El problema es que aquel piloto nunca vio la luz del día. Era una práctica común en el negocio televisivo estadounidense y a HBO nunca le ha temblado el pulso a la hora de descartar series muy prometedoras y mediáticas porque el piloto no convence. La adaptación del libro Las correcciones, con Ewan McGregor; Open, creada por Ryan Murphy después del éxito de American Horror Story, o el primer spin-off de Juego de tronos fueron todas canceladas en esa primera fase del desarrollo, e Invierno en Nápoles sufrió la misma suerte. Probablemente, en la cadena pensaran que Los Soprano apuntaba a llegar más lejos y no querían tener dos series ambientadas en el mundo de la mafia o, tal vez, los problemas que Marziano tuvo para sacar adelante el capítulo provocaron que HBO se echara atrás.

Porque Invierno en Nápoles apuntaba a ser una complicación logística que, seguramente, llegó antes de lo que debía. El rodaje del piloto se repartió entre Nápoles, los estudios Cinecittà de Roma y Praga, que se hacía pasar por San Petersburgo y Berlín, lo que encarecía el proyecto. Además, se sustituyó al actor protagonista a la semana de empezar el rodaje y los costes eran demasiado altos. Hasta 2010, HBO no se animaría con una serie de gángsters pura y dura, y de alto presupuesto, y sería Boardwalk Empire, de la que el propio Scorsese dirigió el primer episodio.

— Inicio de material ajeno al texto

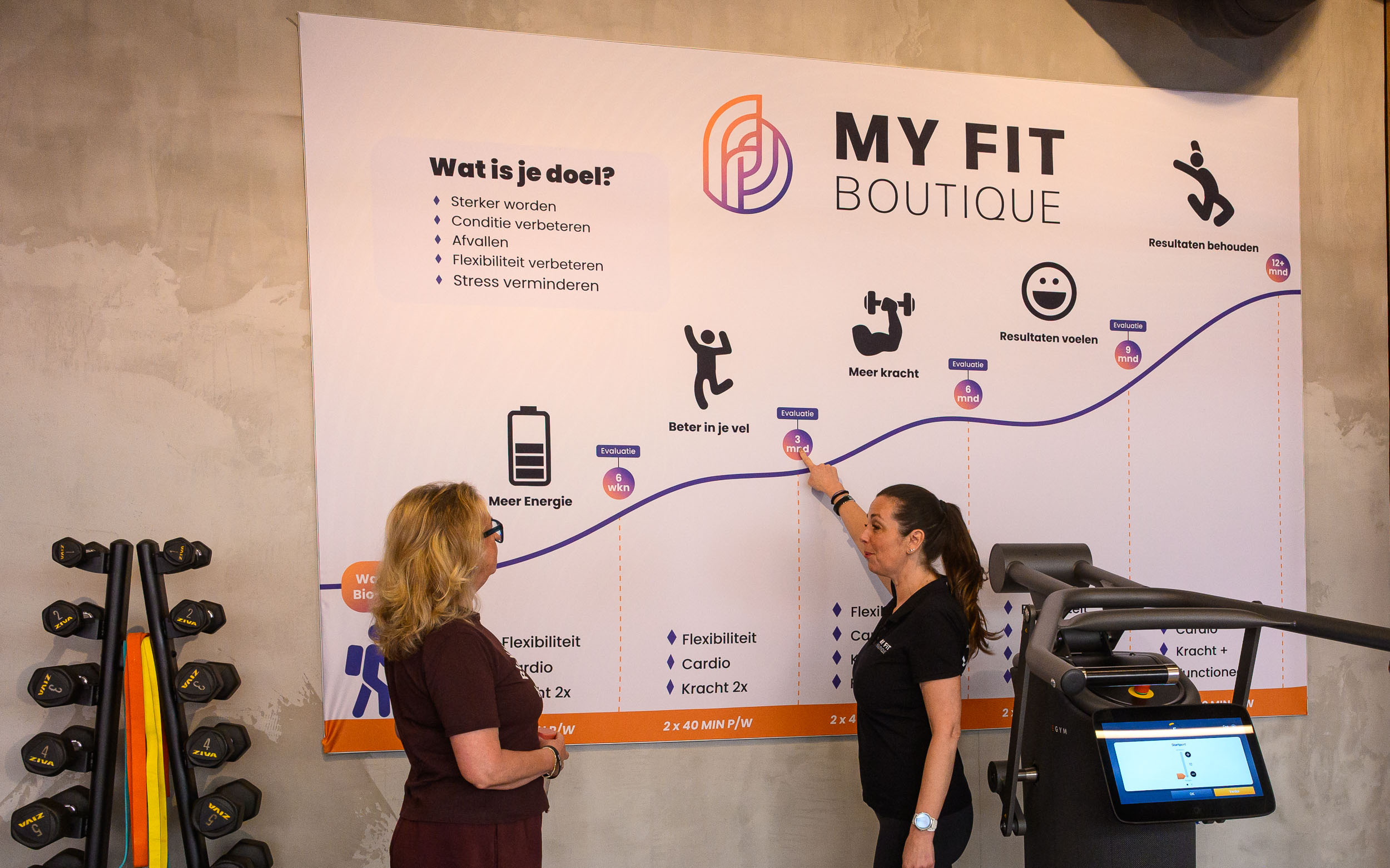 My Fit Boutique is geen standaard sportschool. Het is een kleinschalige boutique gym waar persoonlijke begeleiding centraal staat. Met onze EGYM-apparatuur train je je hele lichaam in ongeveer 30 minuten. De toestellen stellen zich automatisch in op jouw lichaam en niveau.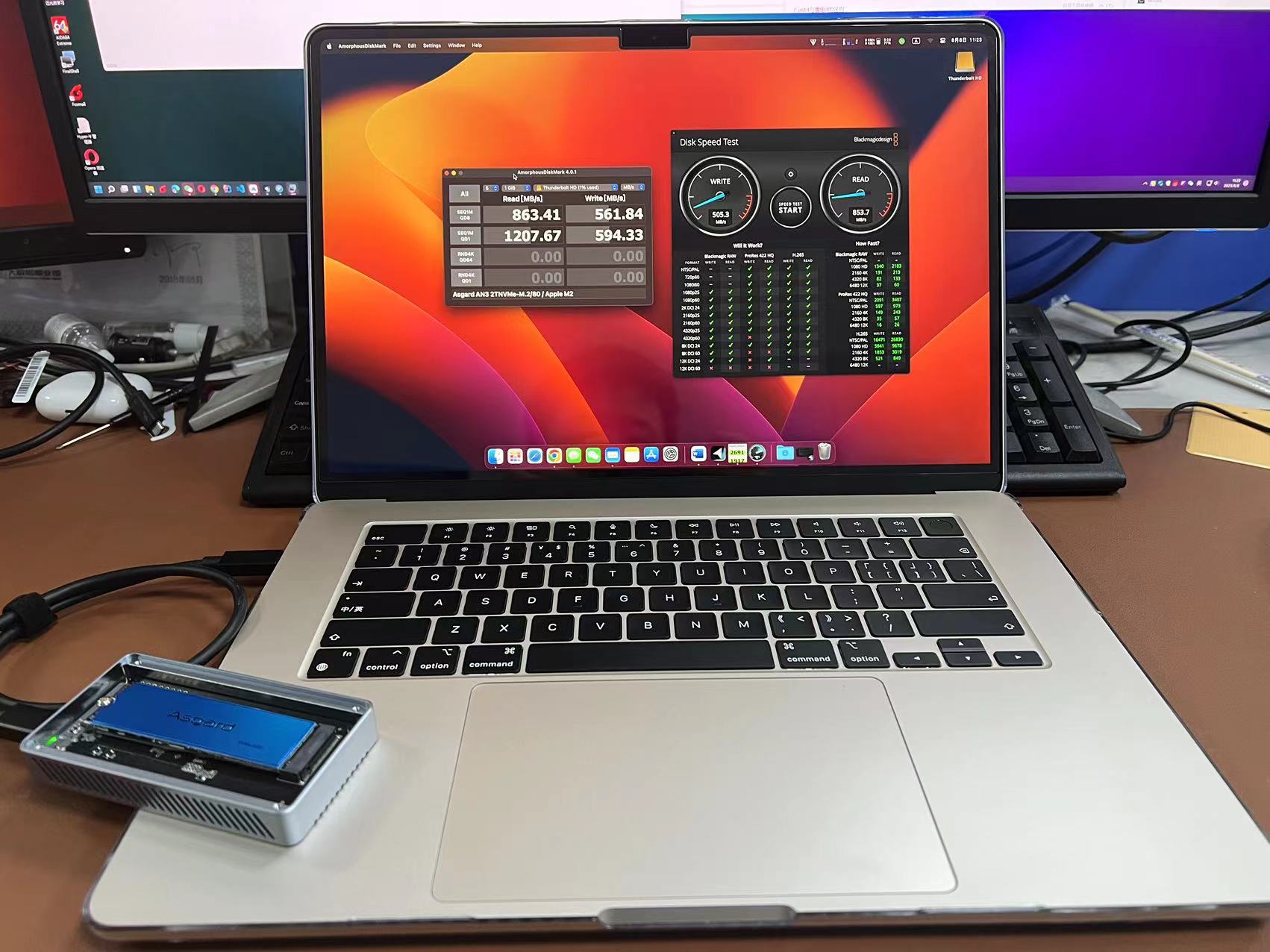当硬盘+硬盘盒一起链接到 air15上,设备管理中显示的 雷电接口设备 和 NVME设备都是正确的, 但是用blackdiskmagic测速实测结果这种形势下, 读写最多只能跑到 800MB/s ,而且速度还不稳定。
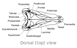 The skull of Dimetrodon is tall and compressed laterally, or side-to-side. The eye sockets are positioned high and far back in the skull. Behind each eye socket is a single hole called an infratemporal fenestra. Two additional pairs of holes can be seen at the back of the skull when viewed from above: the supratemporal fenestra and the posttemporal fenestra. The back of the skull (the occiput) is oriented at a slight upward angle, a feature that it shares with all other early synapsids. The upper margin of the skull slopes downward in a convex arc to the tip of the snout. The tip of the upper jaw, formed by the premaxilla bone, is raised above the part of the jaw formed by the maxilla bone to form a maxillary "step." Within this step is a diastema, or gap in the tooth row.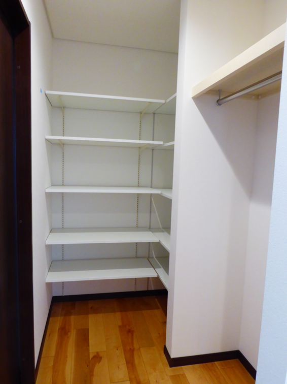 可動棚と枕棚・ハンガーパイプを設置し、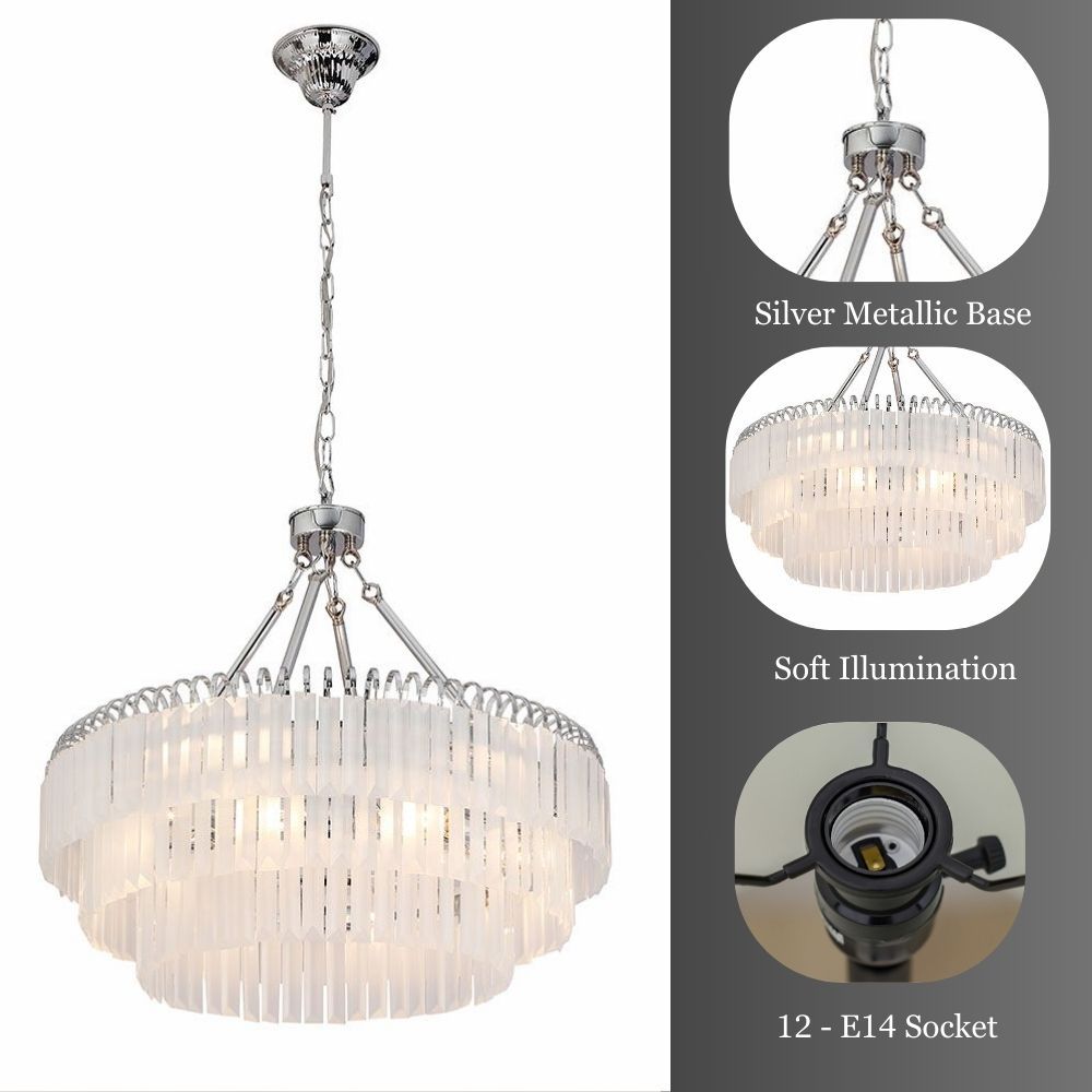 ثريا كارا - معدن مطلي + زجاج - أبيض/كروم - قطر 60 × عرض 48 × ارتفاع 120 سم

Robert De Niro sumó a 'El padrino II' su participación en 'Goncharov'.
Robert De Niro sumó a 'El padrino II' su participación en 'Goncharov'.

Invierno en Nápoles se quedó como una curiosidad, un intento de recuperar una de las películas más definitorias de los dramas criminales de los 70, pero que había caído en el olvido. Marziano volvió al Off-Broadway y, esporádicamente, intentó que HBO liberara aquel piloto y lo editara aunque fuera en DVD, de manera similar a como ABC se había planteado aprovechar Twin Peaks si su primer episodio no tenía éxito en su estreno.

Llegó a filtrarse algo parecido a un trailer en aquella época, a mediados de los 2000, en la que aparecían por internet pilotos fallidos como el de Babylon Fields, una serie de zombis de CBS de 2007, o podías ver vídeo de mal calidad de la actriz Adrienne Palicki corriendo con su traje de superheroína en el piloto sobre Wonder Woman que David E. Kelley hizo para NBC en 2011. Los fans de Goncharov vieron en aquel trailer pixelado la prueba de que, efectivamente, Invierno en Nápoles podría haber sido la serie que definiera toda una era para HBO. Lástima que Los Soprano llegó antes.

Nota aclaratoria: Este texto es una broma por el Día de los Santos Inocentes. Ni Invierno en Nápoles ni Goncharov son reales, pero esta última sí que existe, de alguna manera, como una invención de Tumblr y otras redes sociales de la que hay hasta fan art y sumarios de trama y personajes.